WASHINGTON — A House of Representatives committee on Thursday sharply criticized what it described as a lack of cooperation and transparency by the Department of Veterans Affairs that’s made it difficult for Congress to adequately investigate delays and deaths at VA hospitals, including Dorn VA Medical Center in Columbia.
At a House Committee on Veterans’ Affairs hearing, lawmakers expressed their frustration with the VA, saying it had failed to submit hearing testimony in a timely manner and was slow to respond to requests for information.
The committee has 70 such requests pending with the VA, some of which are more than a year old, according to chairman Jeff Miller, R-Fla.
Rep. Mike Coffman, R-Colo., was particularly interested in a report that detailed delays in diagnoses and treatment at VA facilities in Columbia and Augusta.
Mismanagement of the Columbia VA medical center’s gastroenterology program caused delays that left a backlog of nearly 4,000 patients waiting to be examined at one point in 2011, according to a report this month by the VA’s inspector general.
Concern about the backlog at the Columbia facility surfaced in 2009. Since then, at least 280 patients have been diagnosed with malignancies, 52 of which were associated with the delay in treatment, according to the report.
The VA investigation led to “institutional disclosure” letters, which indicate patients suffered death or serious injuries while in the care of the VA, being sent to 19 patients or their families. The report noted nine lawsuits and one death related to the gastroenterology backlog.
Coffman said he’d asked a top VA health system official at a hearing in March about the delays in Columbia and Augusta.
“Nothing to date has been received,” Coffman said.
Joan Mooney, the VA’s assistant secretary for congressional and legislative affairs, said she’d look into the request.
Unsatisfied with her response, Coffman said Mooney was “engaging in the systematic cover-up on information that is embarrassing to the VA about the mistreatment of the veterans who served this country.”
Miller expressed particular concern about pending requests related to a fatal outbreak of Legionnaires’ disease at the VA Pittsburgh Healthcare System facility.

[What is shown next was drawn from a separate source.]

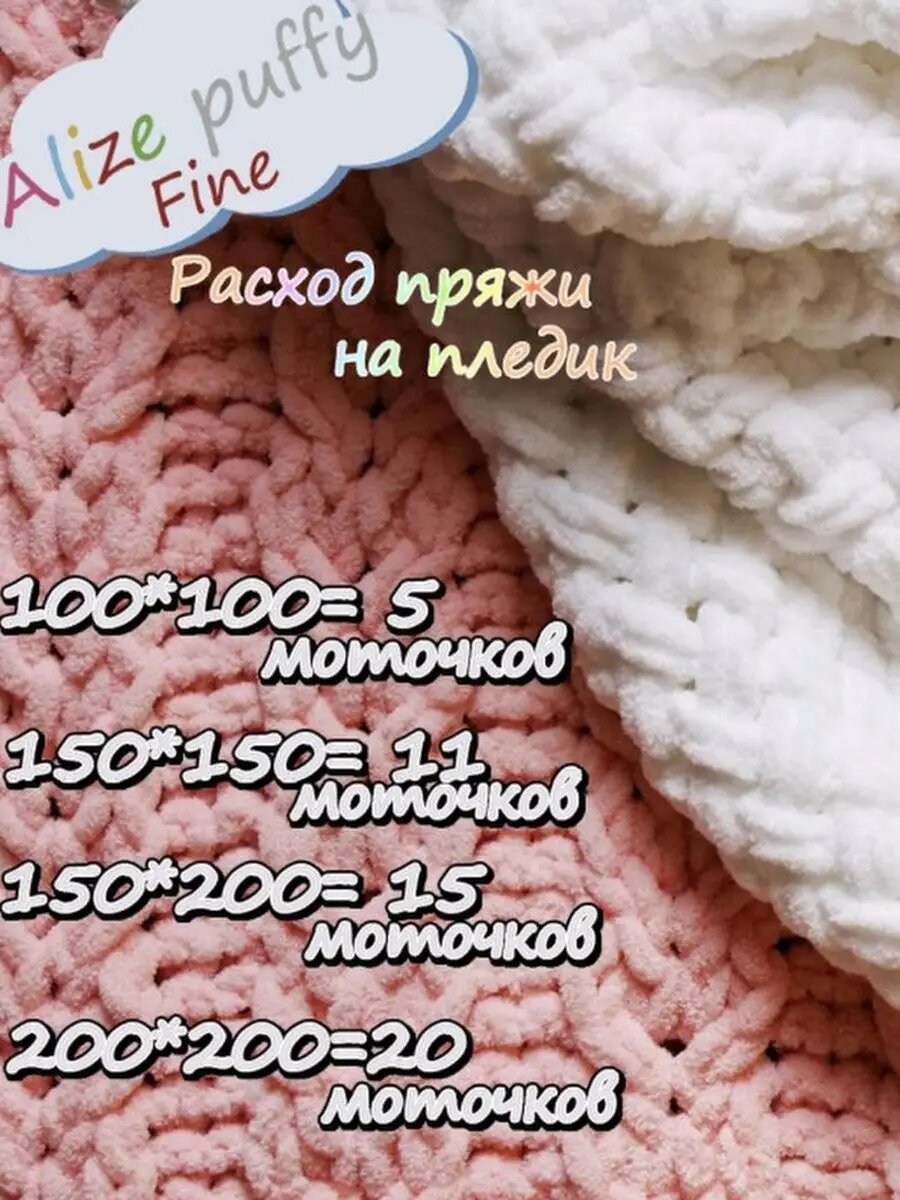 | Дополнительная информация | высота петли 2 см; в 1 метре пряжи примерно 70 петелек; сколько мотков пряжи Pyffy Fine нужно на плед: плед 1 м x1 м — 5 мотков; плед 1,5 м x1,5 м — 11 мотков; плед 1,5 м x 2 м — 15 мотков; плед 2 м x 2 м — 20 мотков |

“Given that five veterans are dead as a result of the (Legionnaires) outbreak, which VA’s own inspector general attributed to VA mismanagement, the committee is engaged in an investigation into this matter to determine what went wrong and ensure it never happens again,” Miller said. “Unfortunately, we haven’t seen a similar sense of urgency from VA to help us with our investigative efforts.”
The committee sent its request for emails and documents related to the Legionnaire’s disease outbreak on Jan. 18 but hasn’t received the information, Miller said.
Mooney told the committee the VA is working to respond to all congressional requests but that the volume and scope of the requests contributes to a lengthier processing time.
During the last three fiscal years and through August this year, she said, her office has responded to more than 80,000 congressional requests. “Unfortunately, sometimes the sheer volume of work that we receive impedes our ability to provide answers in a timely way,” Mooney said.
Miller responded that Mooney’s office had received a 41 percent increase in budget authority and a 40 percent increase in staff since 2009.
“Resources have been provided, yet frustration persists on a bipartisan and a bicameral basis,” Miller said.
The inspector general report on the gastroenterology problems at Dorn said steps have been taken to remedy the backlog.